━━━━━ Recorded data
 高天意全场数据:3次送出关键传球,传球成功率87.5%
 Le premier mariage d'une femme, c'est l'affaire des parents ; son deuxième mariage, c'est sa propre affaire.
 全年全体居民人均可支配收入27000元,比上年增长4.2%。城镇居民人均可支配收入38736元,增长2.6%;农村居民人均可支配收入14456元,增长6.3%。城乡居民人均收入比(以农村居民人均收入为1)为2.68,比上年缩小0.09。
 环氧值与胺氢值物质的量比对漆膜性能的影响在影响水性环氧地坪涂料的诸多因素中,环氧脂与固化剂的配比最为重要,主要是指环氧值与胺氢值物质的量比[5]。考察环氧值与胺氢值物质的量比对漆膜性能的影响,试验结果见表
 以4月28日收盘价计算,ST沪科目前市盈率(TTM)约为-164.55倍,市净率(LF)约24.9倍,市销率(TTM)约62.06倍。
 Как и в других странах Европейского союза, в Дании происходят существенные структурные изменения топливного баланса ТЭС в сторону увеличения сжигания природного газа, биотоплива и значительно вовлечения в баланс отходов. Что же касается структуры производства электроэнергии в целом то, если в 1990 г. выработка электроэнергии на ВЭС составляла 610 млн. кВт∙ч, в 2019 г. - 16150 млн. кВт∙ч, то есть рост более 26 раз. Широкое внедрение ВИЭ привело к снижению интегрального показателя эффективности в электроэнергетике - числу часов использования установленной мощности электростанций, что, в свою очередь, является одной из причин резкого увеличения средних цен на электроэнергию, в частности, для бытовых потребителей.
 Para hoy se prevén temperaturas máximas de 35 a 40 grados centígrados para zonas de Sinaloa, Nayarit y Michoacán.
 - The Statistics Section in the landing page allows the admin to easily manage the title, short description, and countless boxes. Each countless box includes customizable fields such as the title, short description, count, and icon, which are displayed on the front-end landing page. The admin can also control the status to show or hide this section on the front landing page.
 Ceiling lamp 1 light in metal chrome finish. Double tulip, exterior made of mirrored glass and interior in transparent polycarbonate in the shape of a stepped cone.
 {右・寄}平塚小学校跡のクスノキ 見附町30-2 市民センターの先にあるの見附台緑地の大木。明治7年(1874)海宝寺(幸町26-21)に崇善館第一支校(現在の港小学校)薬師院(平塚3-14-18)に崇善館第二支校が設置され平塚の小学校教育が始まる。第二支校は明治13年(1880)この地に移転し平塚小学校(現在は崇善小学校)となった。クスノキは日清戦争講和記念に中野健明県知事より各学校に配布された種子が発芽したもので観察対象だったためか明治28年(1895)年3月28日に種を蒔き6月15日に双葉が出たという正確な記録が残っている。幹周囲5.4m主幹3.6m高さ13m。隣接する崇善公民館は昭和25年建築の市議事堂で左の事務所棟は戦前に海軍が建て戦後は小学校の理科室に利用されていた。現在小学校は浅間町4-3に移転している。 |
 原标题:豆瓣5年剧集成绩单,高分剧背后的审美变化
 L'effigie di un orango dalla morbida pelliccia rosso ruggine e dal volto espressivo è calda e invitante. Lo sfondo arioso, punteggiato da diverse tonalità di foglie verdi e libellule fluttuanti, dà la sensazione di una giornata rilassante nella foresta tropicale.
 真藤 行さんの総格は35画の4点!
━━━━━━━━━━
Problem to solve: Your task is to repeat every entry above exactly.

Exercise answer:
 高天意全场数据:3次送出关键传球,传球成功率87.5%
 Le premier mariage d'une femme, c'est l'affaire des parents ; son deuxième mariage, c'est sa propre affaire.
 全年全体居民人均可支配收入27000元,比上年增长4.2%。城镇居民人均可支配收入38736元,增长2.6%;农村居民人均可支配收入14456元,增长6.3%。城乡居民人均收入比(以农村居民人均收入为1)为2.68,比上年缩小0.09。
 环氧值与胺氢值物质的量比对漆膜性能的影响在影响水性环氧地坪涂料的诸多因素中,环氧脂与固化剂的配比最为重要,主要是指环氧值与胺氢值物质的量比[5]。考察环氧值与胺氢值物质的量比对漆膜性能的影响,试验结果见表
 以4月28日收盘价计算,ST沪科目前市盈率(TTM)约为-164.55倍,市净率(LF)约24.9倍,市销率(TTM)约62.06倍。
 Как и в других странах Европейского союза, в Дании происходят существенные структурные изменения топливного баланса ТЭС в сторону увеличения сжигания природного газа, биотоплива и значительно вовлечения в баланс отходов. Что же касается структуры производства электроэнергии в целом то, если в 1990 г. выработка электроэнергии на ВЭС составляла 610 млн. кВт∙ч, в 2019 г. - 16150 млн. кВт∙ч, то есть рост более 26 раз. Широкое внедрение ВИЭ привело к снижению интегрального показателя эффективности в электроэнергетике - числу часов использования установленной мощности электростанций, что, в свою очередь, является одной из причин резкого увеличения средних цен на электроэнергию, в частности, для бытовых потребителей.
 Para hoy se prevén temperaturas máximas de 35 a 40 grados centígrados para zonas de Sinaloa, Nayarit y Michoacán.
 - The Statistics Section in the landing page allows the admin to easily manage the title, short description, and countless boxes. Each countless box includes customizable fields such as the title, short description, count, and icon, which are displayed on the front-end landing page. The admin can also control the status to show or hide this section on the front landing page.
 Ceiling lamp 1 light in metal chrome finish. Double tulip, exterior made of mirrored glass and interior in transparent polycarbonate in the shape of a stepped cone.
 {右・寄}平塚小学校跡のクスノキ 見附町30-2 市民センターの先にあるの見附台緑地の大木。明治7年(1874)海宝寺(幸町26-21)に崇善館第一支校(現在の港小学校)薬師院(平塚3-14-18)に崇善館第二支校が設置され平塚の小学校教育が始まる。第二支校は明治13年(1880)この地に移転し平塚小学校(現在は崇善小学校)となった。クスノキは日清戦争講和記念に中野健明県知事より各学校に配布された種子が発芽したもので観察対象だったためか明治28年(1895)年3月28日に種を蒔き6月15日に双葉が出たという正確な記録が残っている。幹周囲5.4m主幹3.6m高さ13m。隣接する崇善公民館は昭和25年建築の市議事堂で左の事務所棟は戦前に海軍が建て戦後は小学校の理科室に利用されていた。現在小学校は浅間町4-3に移転している。 |
 原标题:豆瓣5年剧集成绩单,高分剧背后的审美变化
 L'effigie di un orango dalla morbida pelliccia rosso ruggine e dal volto espressivo è calda e invitante. Lo sfondo arioso, punteggiato da diverse tonalità di foglie verdi e libellule fluttuanti, dà la sensazione di una giornata rilassante nella foresta tropicale.
 真藤 行さんの総格は35画の4点!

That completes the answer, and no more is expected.